I’ve just taken three cans of craft beer out of the fridge. One of them is called a ‘session rye IPA’, another is an ‘oatmeal stout’ and the third styles itself as a ‘blood orange IPA’. And beer-makers have plenty more names where those came from.
Suddenly there seems to be a million styles of beer out there and it’s easy to get bamboozled (or should that be booze-bambled?) by all the frothy descriptions their makers use.
Yet at its most basic, beer requires only four ingredients — water, hops, grain and yeast. And thanks to the 500-year-old German purity law that made those ingredients an industry standard before there was even an industry, that’s still the case with most beers. The differences between all those exotically named craft beers are to be found in the choice of ingredients and the way they’re brewed.
There are basically two popular styles of beer — ales and lagers. Ales are brewed at relatively high temperatures using yeast that floats to the top of the fermentation vat, while lagers are brewed at lower temperatures with yeast that sinks to the bottom of the vat. As a brewer, once you’ve decided on an ale or a lager, the character of your beer will then be decided by the ingredients you choose.
There’s a vast range of hops and grain to choose from. For example, my oatmeal stout by Modest Beer of Holywood uses an English variety of hop called Fuggles (yes, really) and a variety of barley called Maris Otter; an IPA by the Verdant Brewing Company of Wales uses two varieties of hops developed in the US called Mosaic and Simcoe and adds oats and wheat to its barley.
Take another look at the beer names in the opening paragraph. The key to all these descriptions is the last word, like ‘stout’ or ‘ale’. That tells you what you really need to know, and the words used in front are an attempt by the maker to describe the character of the beer in the hope it will appeal to you. Below is a brief guide to the significance of the last words — the window dressing added by the makers I leave up to you to assess.

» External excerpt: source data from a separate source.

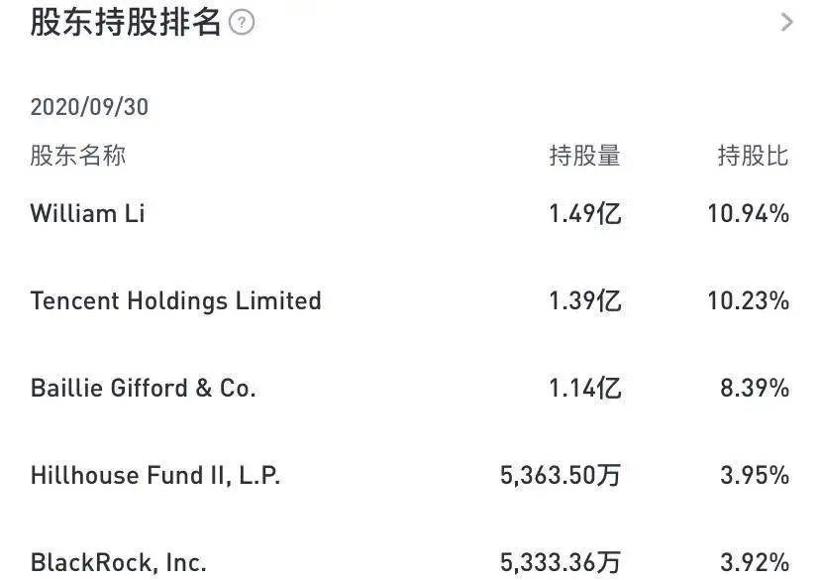 2年来,蔚来的股东结构发生了不少变化。据老虎证券数据显示,李斌目前持股10.94%,腾讯持股10.23%,比例均有所下降,新增的Baillie Gifford & Co持股8.39%。同时,高瓴资本持股3.95%,大幅缩减。今年三季度,高瓴买入蔚来241.2万股,持有市值为5117.7万美元。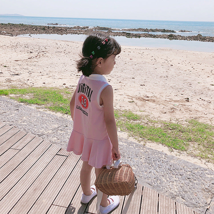 This sleeveless summer dress features a refined turndown collar and a sporty design accented with chic letter prints. Crafted for comfort and style, it ensures your baby girl stays cool and elegant during warm days. Its breathable fabric and tailored fit make it perfect for active play or casual outings with a touch of sophistication.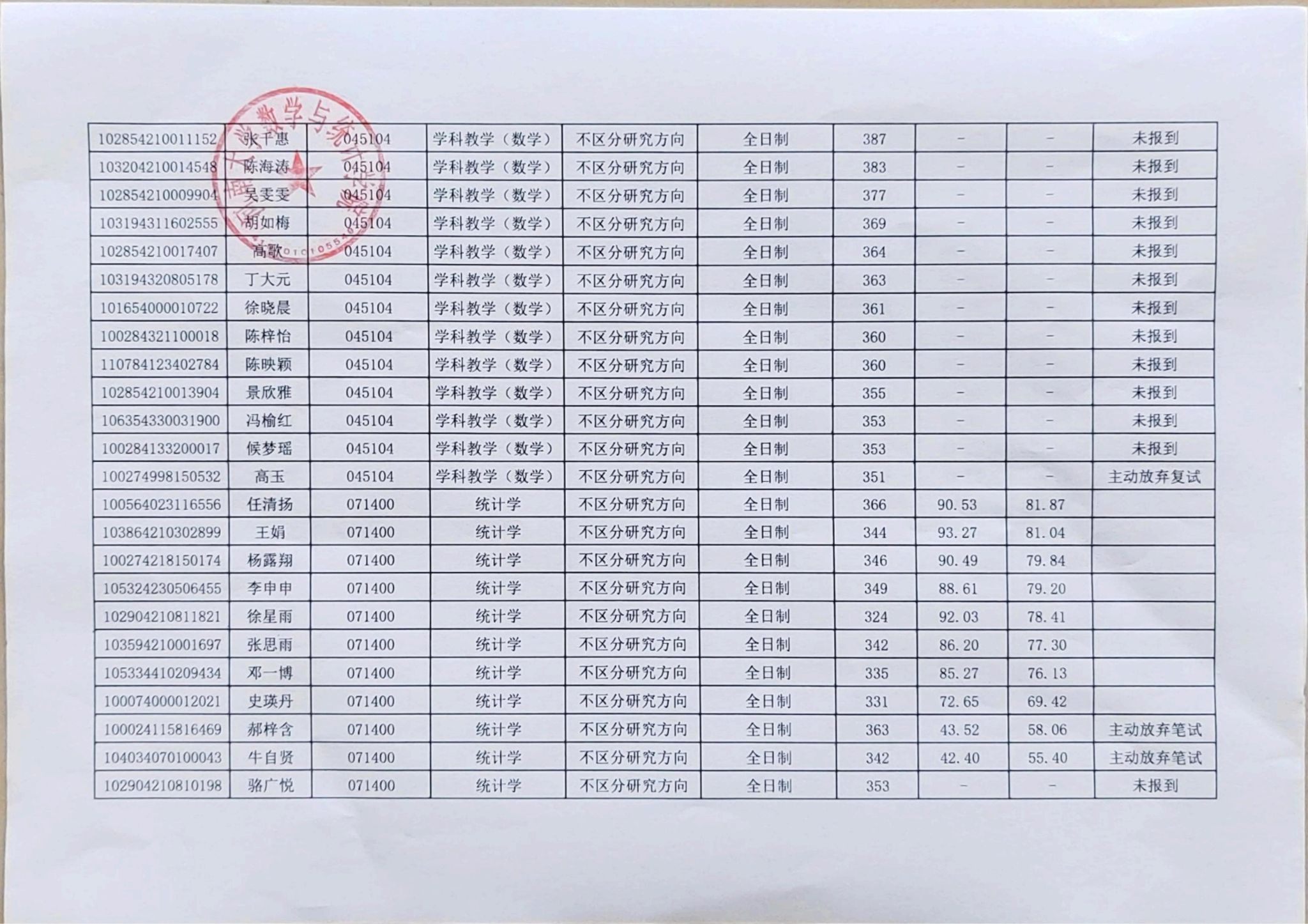 河南大学数学与统计学院2024硕士研究生调剂复试考生名单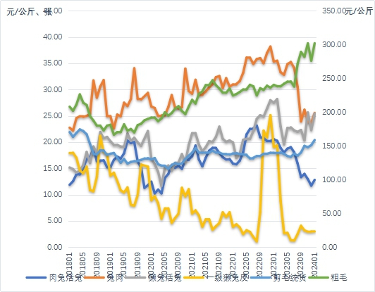 圖2 2018年1月-2024年4月兔及兔產(chǎn)品價格走勢(右坐標為兔毛價格)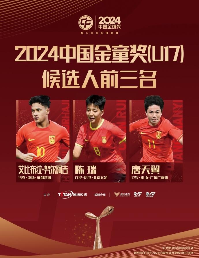 02月13日訊 2024中國金球獎(jiǎng)?lì)C獎(jiǎng)儀式將于2月13日在杭州舉行,現(xiàn)場播放的金童獎(jiǎng)(U17)三人候選宣傳片顯示,近期陷入出軌、賭球風(fēng)波的唐天翼被移除,魏祥鑫“遞補(bǔ)”。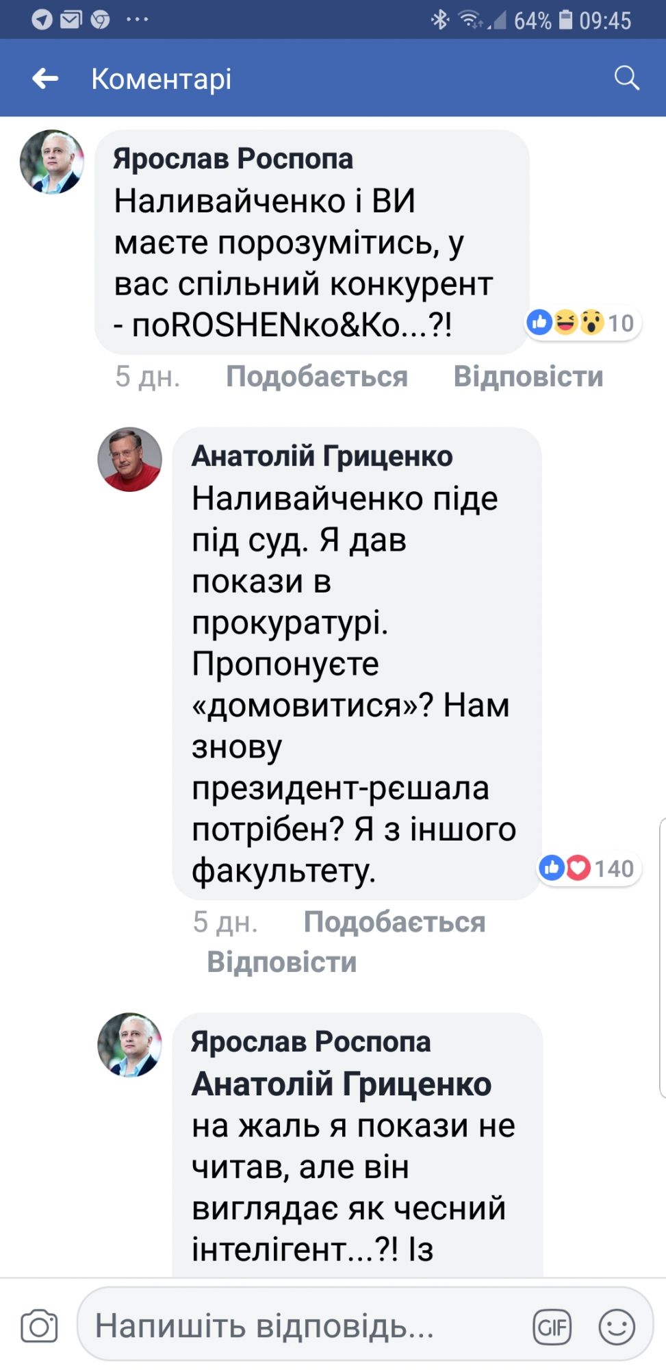 Также в комментариях к собственному посту в социальной сети Facebook, экс-министр обороны Украины Анатолий Гриценко заявил, что Наливайченко пойдет под суд, потому что Гриценко уже дал показания в прокуратуре.

Lager: The word lager comes from a German word meaning ‘to store’, since the beer could be stored in cool caves in the days before refrigeration. Not all lagers are light in colour — some German versions are as dark as Guinness.
Pils: Named after the Czech town of Pilsen, this pale coloured easy-drinking lager, also known as Pilsner, is king of the commercial beer market. Beck’s, Heineken, Stella, Budweiser and Coors could all be described as lagers in the Pilsner style.
Pale Ale: If you asked for a pint of bitter in an English pub, this is probably what you’d get. The ‘pale’ refers to the type of malt used and the beer itself is usually the colour of strong tea. Its appeal is a balanced combination of hops and malt, and a signature biscuity flavour. The best-known commercial variety here is Bass.
Blonde Ale: Light in colour, with the gentle bitterness of hops matched by a malty sweetness. Belgian blonde ales are a popular example.
Red Ale: A name used in Ireland to describe what is more or less a pale ale but with an additional malty sweetness. Smithwick’s is the classic example of an Irish red ale.
IPA: The initials stand for India Pale Ale, supposedly because the beer was created for British soldiers serving in India and needed extra hops to act as a preservative so that it wouldn’t spoil on the long sea voyage. The hops add that flowery bitterness that makes the drink so distinctive.
New England IPA: Very popular at the moment, these are usually cloudy and less bitter than a regular IPA, making them the ideal choice for drinkers who think they don’t like IPA.
Porter and Stout: Two robust, dark ales that are so similar it’s pretty hard to tell the difference. Porters are generally lower in alcohol with flavours of chocolate and caramel, while stouts are darker and heavier with a roasted, bitter edge.
Wheat Beer: Ales with a high proportion of wheat to barley that are usually cloudy and light in colour. The Dutch version, witbier, often comes with the addition of orange peel and coriander.